GETTING RID OF BRADLEY is similar in some respects to CRAZY FOR YOU, in that both involve a woman who wants to break out of her boring life and a man who's stalking her. I liked the former better; the tone is lighter overall, even when it comes to dark elements, and it's set up from the beginning as a playful romantic comedy with elements of mystery and suspense, rather than a romantic comedy with unwelcome intrusions of creepy reality.
High school physics teacher Lucy Savage is getting divorced from her husband Bradley. He's stood her up at divorce court, her sister is bossing her around, and she hates her newly blonde hair. When someone shoots at her and she mistakes the cop who pushes her out of the way for a mugger and beats him up, it actually improves her day. Next thing she knows, she's being stalked by a mysterious person, who may be her Bradley or the Bradley the cop is looking for (they may or may not be the same Bradley) so naturally, the cop has to move in with her and her three dogs (one of whom has invented a dog joke) and her ever-mutating hair. To guard and protect her, of course.
This book cracked me up. If you want to learn how to use repetition for comic effect, study it. If you want to be cheered up, just read and be cheered. I was particularly gratified to find a Crusie heroine who knows self-defense, even if it's not always directed at the correct parties. The police work is less than plausible and the sex scene is generic (Crusie got much better at writing them later on) but generally the book made me very happy.

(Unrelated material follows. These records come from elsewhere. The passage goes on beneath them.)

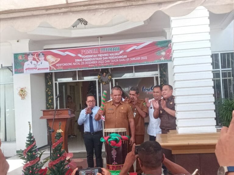 LASKAR – Dalam rangka Menyambut Hari Natal 25 Desember 2022 dan Tahun baru 01 Januari 2023, Pemerintah Provinsi Maluku melalui Dinas Perindustrian dan Perdagangan Provinsi Maluku adakan kegiatan pasar murah yang tahun ini diadakan di halam kantor Disperindag Maluku Senin (12/12/2022).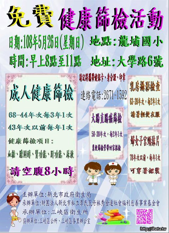 三峽衛生所5/26(日)免費成人健檢-龍埔國小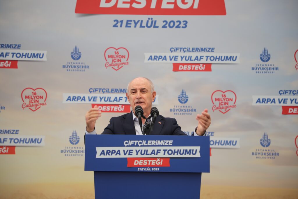 Arpa – Yulaf tohumu dağıtımtöreninde konuşan İstanbul Büyükşehir Belediye Başkanı Ekrem İmamoğlu,En başından beri temel amacının 16 milyon insana eşit hizmet sunmak olduğunu belirterek şunları söyledi: “Aynı zamanda tüm ihtiyaçlarını karşılayan, bir eksik bırakmadan onların taleplerini inceleyen, insanlarımızın ihtiyaçlarına katkı sunmak. Bu şehirde yaşayan insanlara saygı göstererek hizmet sunmayı elbette çok önemsiyorum. Şehrimizin yeşil alanlarından sosyal desteklere, altyapı yatırımlarından kentsel dönüşüme varıncaya kadar insan hayatına dokunan bütün hizmetleri yerine getirme konusunda çözümler ürettik, projeler ürettik. Vatandaşlarımızın sıkıntı duyduğu her konuya da destek olduk. Ekonomik krizin derinden etkilediği, çiftçilerimizin çiftçilik yapmayı bıraktığı dönemde biz İstanbul’un tarımsal alanlarını nasıl güçlendirebiliriz, çiftçilik yapmak isteyen, İstanbul’un topraklarını yeşertmek isteyen hemşerilerimize ‘’Biz buradayız’’ diyerek İstanbul Büyükşehir Belediyesi olarak 2020 yılından bu yana İstanbul’un çiftçilerine destek olmaya başladık. En çok gururlandığımız hizmetlerden birisini İstanbul’da hayata geçirdik. Gerçekten mutluyuz, onurluyuz ve gururluyuz. Göreve geldiğimiz günden bu yana yazlık fide sebzesi ve özellikle buna benzer desteklerle başladığımız süreç artık kışlık fide desteğine, yağlık ayçiçeği tohumundan silajlık mısır tohumuna, ekmeklik buğday tohumu dağıtımıyla beraber sürdü. Hiçbir alanda eksik varsa o alanda boş bırakmamaya, gübreden mazota, balıkçılarımıza desteklerimizden koruyucu ekipmanlarına, kuzu besi yeminden arı yemine varıncaya kadar her detaya katkı sunmaya gayret ettik. Biliyoruz ki tarımla uğraşan vatandaşlarımızın özellikle girdi maliyetlerinin karşılanması hususu onların hayatlarını devam ettirmesi konusunda önemli bir ihtiyaç. Bugün verdiğimiz desteklere bir yenisini daha ekliyoruz. İstanbul’da 1982 çiftçimize 20 milyon liraya yakın maliyetle arpa ve yulaf tohumu dağıtımı yapıyoruz. Hayırlı olsun. Bugünkü çiftçilere dağıtacağımız tohumların onlara bol bereket getirmesini diliyorum.’’

In FLOWERS FROM THE STORM, the Duke of Jervaux, who is a rake and a mathematical genius, is called out for a duel for having an affair with a married woman. But before anyone can fire, he has a stroke and collapses. He wakes up in an asylum. He's unable to speak, understand spoken language, or read and write words, though his mathematical abilities are intact. Unfortunately, at that time no one understands what's happened to him and they think he's insane. Enter Maddy, whose blind mathematician father was in a mathematics society with Jervaulx. Maddy and her father are Quakers, and she gets a message from God that she needs to rescue Jervaux, who she realizes is not insane, but only unable to communicate. (The mad chemistry between them has nothing to do with it, she tells herself, because he is a man of the world and if she gets involved with him, the Quakers will disown her.)
The first third or so of the book, before Jervaulx starts to recover, contain some fascinating attempts at writing from the point of view of someone who has lost language. Kinsale does a good job of conveying a state which is inherently impossible to portray in words. I liked the way both Jervaulx and Maddy had inner worlds which were intensely important to them, and also came from diametrically opposed backgrounds, and how difficult it was to communicate with each other because of it, and how comparatively easy it was for them to bridge the gap of his aphasia.
The main problem I had with the book was the pacing. Although I liked the characters and was engaged by their predicaments, there were a number of places where I found the book easy to put down, unlike, say, SHADOWHEART or THE SHADOW AND THE STAR or even MY SWEET FOLLY, all of which I was glued to from beginning to end.
There's also a point at which Kinsale probably should have stopped adding new complications and reasons why Maddy and Jervaulx were doomed as a couple, because eventually I started to think that their relationship was just too difficult, that they didn't have enough in common and there were too many obstacles and too much Maddy especially had to give up, and that they would never be truly happy together. That mad chemistry had better keep cooking, or they will be in trouble a year or two after the end of the book.